→ **ACTIVITY**: All that is needed is the run of lines from the top of the entries to the line with "これはまさにCKMトライアン", that line included, repeated exactly and free of pictures.

____________

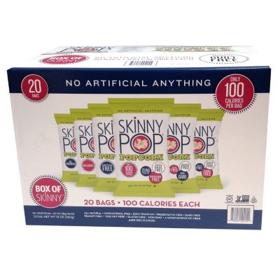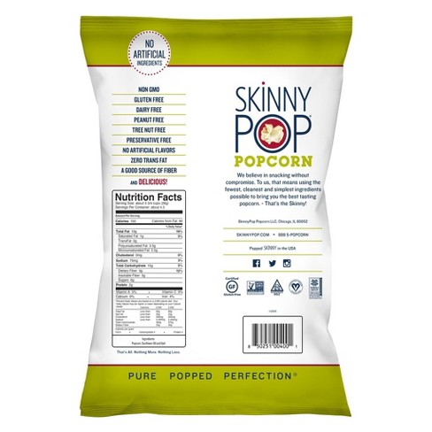 Amazon.com: SkinnyPop Original Popcorn, 30ct, 0.65oz Individual Snack ... SkinnyPop Original contains 30 (0.65 oz) popcorn bags Delicious Skinny Pop Popcorn has zero trans fat and is peanut free, tree nut free, preservative free and is a good source of fiber A delicious, healthy snack perfect for kids lunches, break between video calls, or just a snack for yourself. The perfect snacks for kids
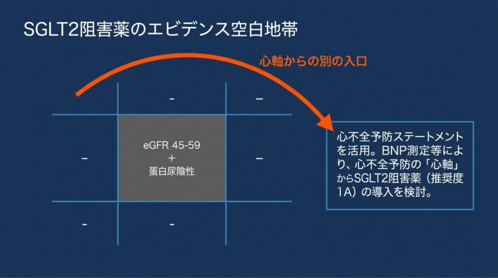 これはまさにCKMトライアングル(心・腎・代謝)の軸をまたぐ治療戦略です。腎軸のエビデンスが限定的な場合でも、心軸(心不全予防)からのアプローチで恩恵を受けられる可能性があります。これは記事⑩で解説したリレー型運用の「軸の切り替え」と同じ発想です。
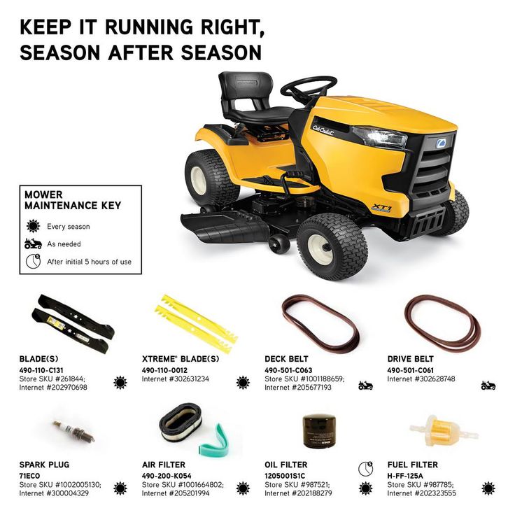 • Optional multi-seasonal attachments provide year-round versatility, including a twin bagger, snow thrower, sun shade/snow cab, snow blade, mulch kit, steel and poly carts and a rear spreader sold separately
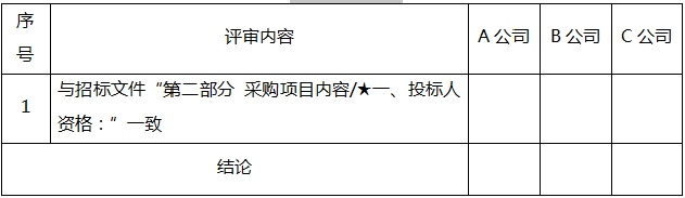 2.投標人分欄中填寫“○”表示該項符合審查要求,“×”表示該項不符合審查要求;
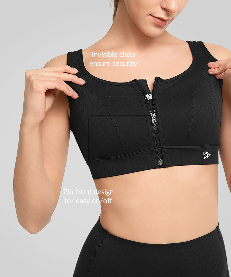 Sujetador deportivo de running con estampado de rayas y cremallera frontal Power Zip
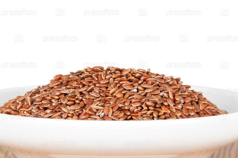 Красный рис в миске на столе
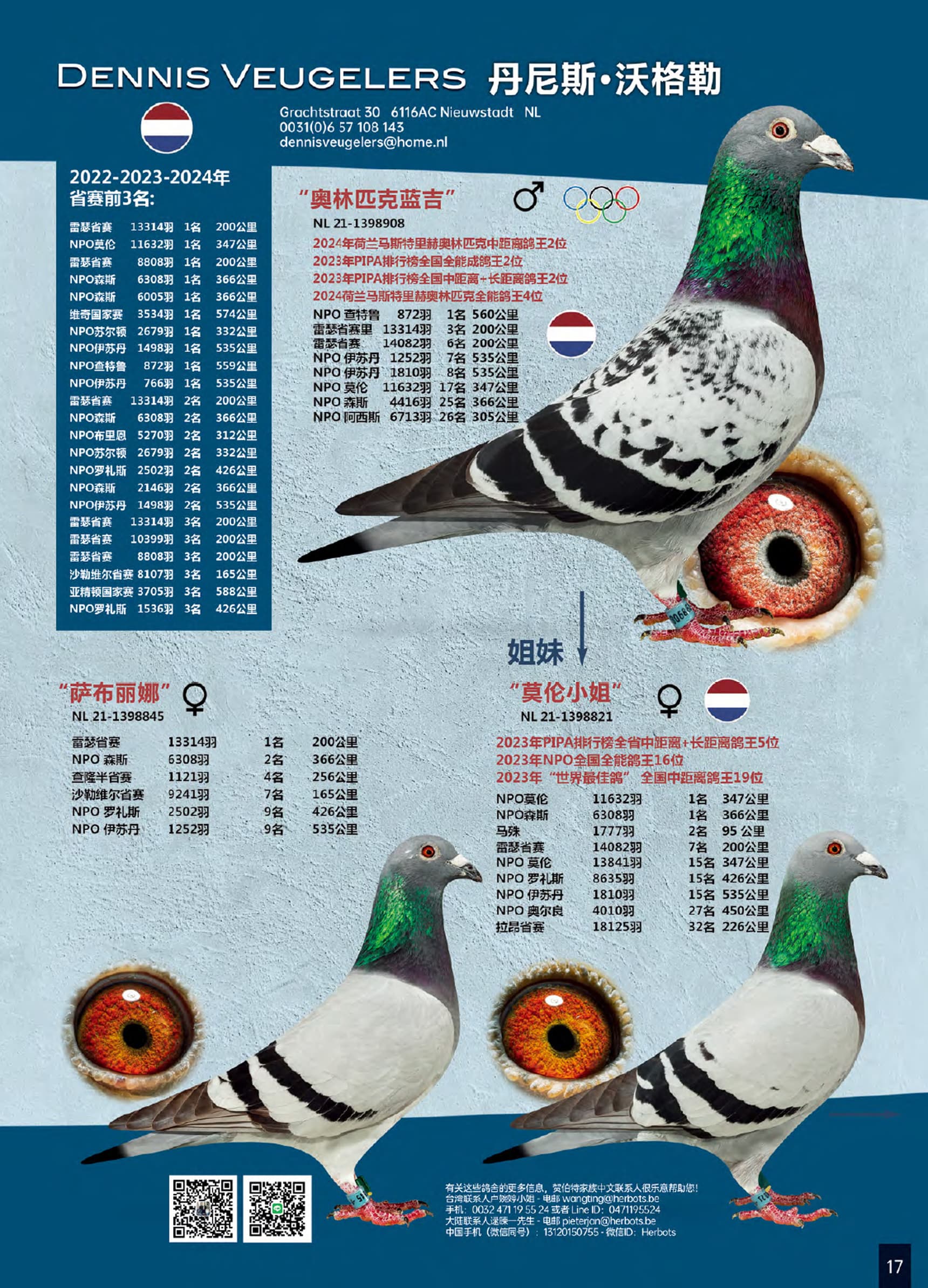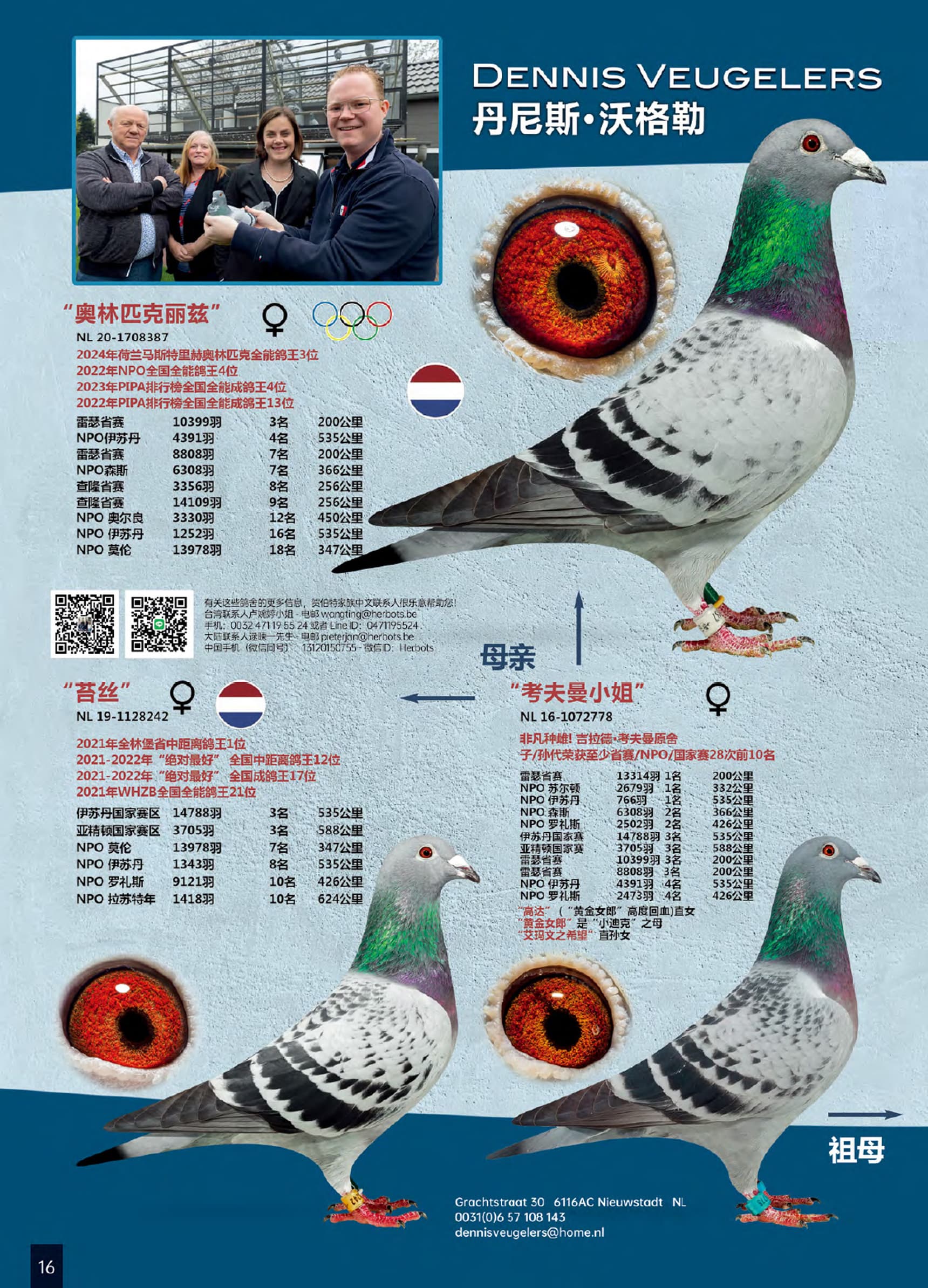荣获: 2024年荷兰奥林匹克中距离鸽王2位
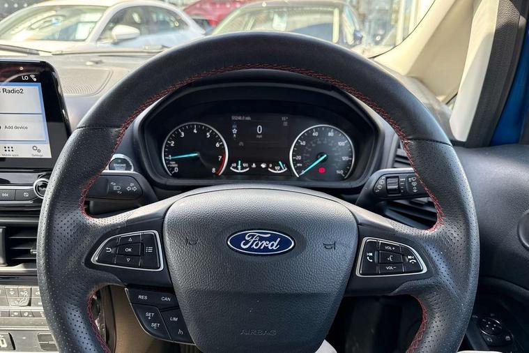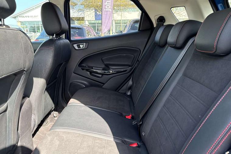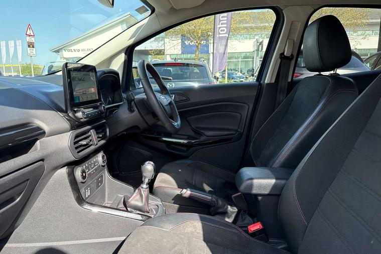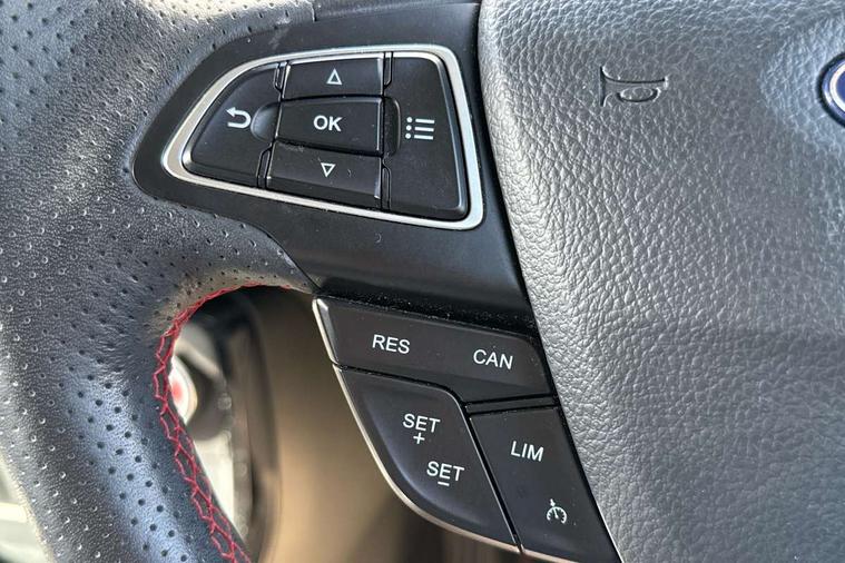 Cruise control, Easy fuel capless refuelling system, PAS, Rear parking sensors and rear view camera, SYNC 3 nav system with DAB radio, 8" touch screen, emergency assistance, Apple car play/Android auto, 2x USB sockets, Trip computer, Voice control system, Sports suspension, Steering wheel mounted audio controls, 'Quickclear' heated windscreen/heated washer jets, Auto dimming rear view mirror, Automatic headlights, Black roof rails, Body colour door handles, Body coloured bumpers, Body styling kit, Electric heated door mirrors, Front fog lights, Headlight levelling control, High gloss black front grille surround, Large rear spoiler, LED daytime running lights, Rain sensor windscreen wipers, Rear wiper, 12V socket in front and rear, 60/40 split rear seats, Ambient interior lighting, Ambient light, Centre console with sliding front armrest, Cooled glovebox, Courtesy lights with map reading light, Driver's side glovebox, Driver/passenger sunvisors and lidded vanity mirrors, EATC - Electronic Auto Temperature control, Folding grab handles, Footwell ambient lighting, Front head restraints, Front seat back map pockets, Front/rear floor mats, Height adjustable drivers seat with lumbar support, Illuminated glovebox, Illuminated luggage compartment, Isofix system on outer rear seats, Leather steering wheel/gearshift/handbrake lever with red stitching, Luggage compartment carpet, Overhead console with sunglasses holder, Part leather upholstery, Rake adjustable rear seats, Reach + rake adjustable steering column, Rear headrests, Stainless steel sports pedals, Steering wheel with chrome inserts, Storage drawers under front seats, Tie down hooks, Variable boot floor, 3x3 point rear seatbelts, ABS, Child locks on rear doors, Curtain airbags, Driver airbag, Drivers knee airbag, Electronic Stability Programme, Emergency brake assist, Front passenger airbag deactivation, Front side airbags, Hill launch assist, Passenger airbag, Seatbelt reminder for driver and front passenger, Traction control, Tyre pressure monitoring system, Immobiliser, MyKey system, Remote central locking, Thatcham 1 volume sensing alarm, Tyre repair kit,

____________

→ **RESPONSE**:
 Amazon.com: SkinnyPop Original Popcorn, 30ct, 0.65oz Individual Snack ... SkinnyPop Original contains 30 (0.65 oz) popcorn bags Delicious Skinny Pop Popcorn has zero trans fat and is peanut free, tree nut free, preservative free and is a good source of fiber A delicious, healthy snack perfect for kids lunches, break between video calls, or just a snack for yourself. The perfect snacks for kids
 これはまさにCKMトライアングル(心・腎・代謝)の軸をまたぐ治療戦略です。腎軸のエビデンスが限定的な場合でも、心軸(心不全予防)からのアプローチで恩恵を受けられる可能性があります。これは記事⑩で解説したリレー型運用の「軸の切り替え」と同じ発想です。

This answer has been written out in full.